Colleen McCullough
The Independence of Miss Mary Bennet
© 2008
For Bruni
Composer and diva.
As beautiful a person inside
as she is outside.
THE LONG, LATE light threw a gilt mantle over the skeletons of shrubs and trees scattered through the Shelby Manor gardens; a few wisps of smoke, smudged at their edges, drifted from the embers of a fire kindled to burn the last of the fallen leaves, and somewhere a stay-behind bird was chattering the tuneless nocturne of late autumn. Watching the sunset from her usual seat in the bay window, Mary felt a twisting of her heart at its blue-gold glory, soon to be a memory banked inside the echoing spaces of her mind. How much longer? Oh, how much longer?

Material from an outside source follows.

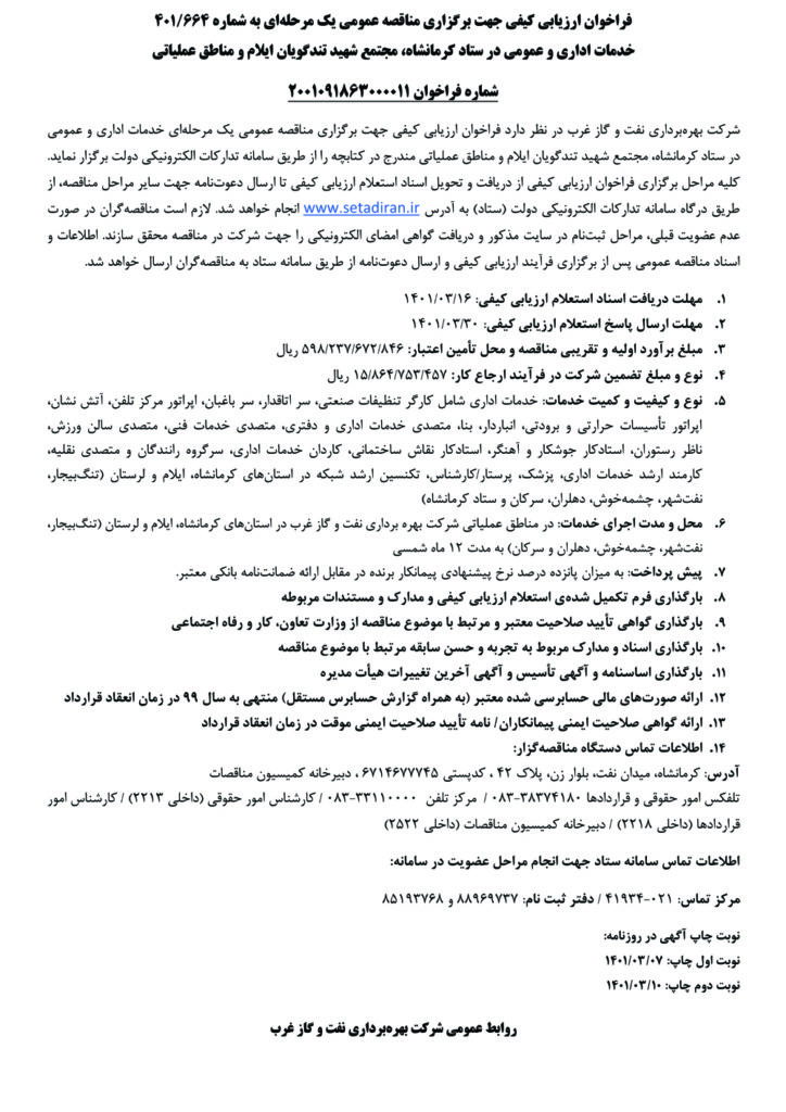 خدمات اداري و عمومي در ستاد كرمانشاه، مجتمع شهيد تندگويان ايلام و مناطق عملياتي

Came the rattle and tinkle of the tea tray as Martha bore it in; she deposited it carefully on the low table flanking the wing chair in which the mistress of Shelby Manor slumbered. Sighing, Mary turned from the window and took her place, setting a delicate cup in its frail saucer then another for herself. How lucky they were to have Old Jenkins! Still harvesting an occasional cucumber from his frames. And how lucky that Mama relished cucumber slices atop her bread-and-butter! She would wake to see the treats sitting on a sprightly doily, and care not that the cake was three days old.
“Mama, tea has arrived,” said Mary.
Bundled in shawls and wraps, the little round body jerked; its little round face puckered up peevishly, scowled at being roused. Then the faded blue eyes opened, saw the cucumber atop the bread-and-butter, and a preliminary joy began. But not before the everyday complaint was uttered.
“Have you no compassion for my poor nerves, Mary, to wake me so abruptly?”